# Activity
Print the lines from the one containing "ROSNY l’aîné (Joseph-Henri" through the end of the material below, both included, exactly as they appear and without pictures.

# Dataset excerpt

☆ ☆ ☆ ☆

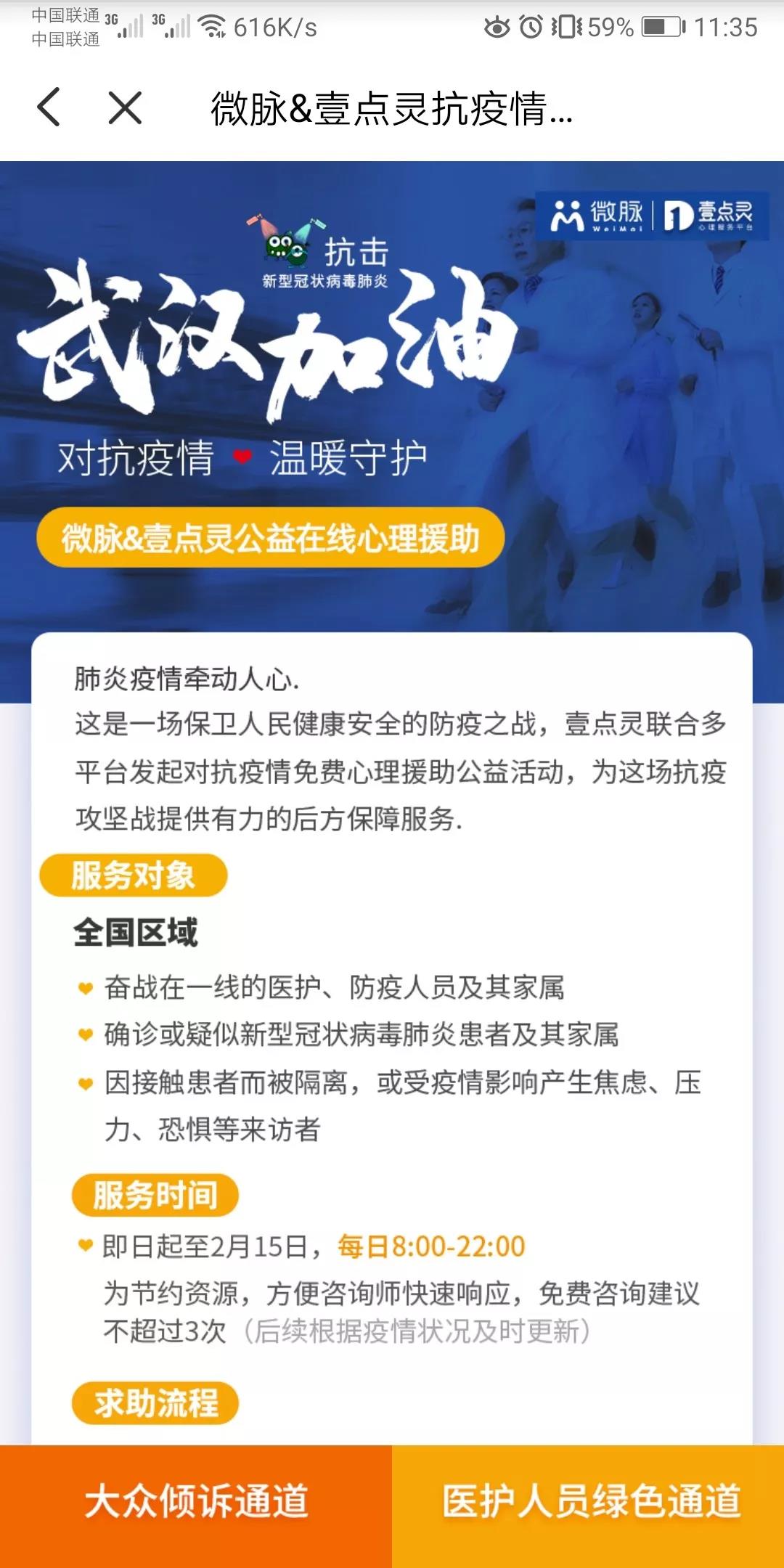 发起了对抗疫情免费心理援助
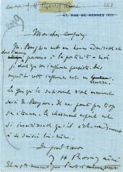ROSNY l’aîné (Joseph-Henri Boex, dit)Lettre autographe signée, adressée à Gaston Picard. 1913 ; 1 page in-12, adresse au dos.« M. Bergson est un homme admirable et dont l’oeuvre passera à la postérité, mais je doute que son influence persiste. Dès aujourd’hui cette influence est un leurre. Les gens qui la subissent n’ont aucunement saisi M. Bergson. Il ne faut pas trop s’en étonner. Ce charmant esprit est si insaisissable qu’il échoue souvent à se saisir lui-même. »
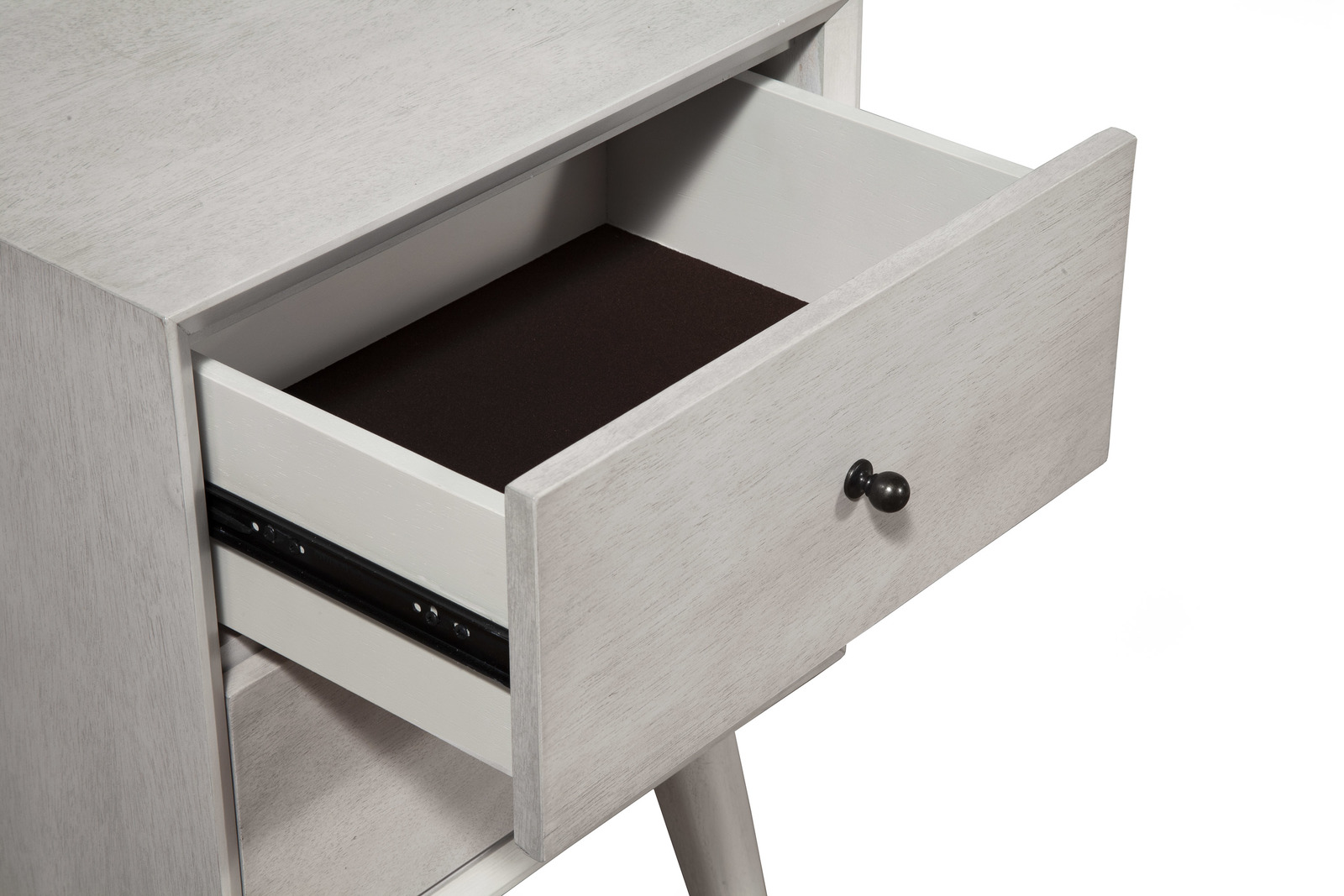 Features: Mid Century Modern Style Design 2 Drawer Nightstand French English Dovetail Drawer Construction Felt Lined Top Drawer Versatile design fits living rooms, bedrooms, or offices Stylish addition that complements any dcor Set Includes: One (1) Nightstand

☆ ☆ ☆ ☆

# Response for this exercise
ROSNY l’aîné (Joseph-Henri Boex, dit)Lettre autographe signée, adressée à Gaston Picard. 1913 ; 1 page in-12, adresse au dos.« M. Bergson est un homme admirable et dont l’oeuvre passera à la postérité, mais je doute que son influence persiste. Dès aujourd’hui cette influence est un leurre. Les gens qui la subissent n’ont aucunement saisi M. Bergson. Il ne faut pas trop s’en étonner. Ce charmant esprit est si insaisissable qu’il échoue souvent à se saisir lui-même. »
 Features: Mid Century Modern Style Design 2 Drawer Nightstand French English Dovetail Drawer Construction Felt Lined Top Drawer Versatile design fits living rooms, bedrooms, or offices Stylish addition that complements any dcor Set Includes: One (1) Nightstand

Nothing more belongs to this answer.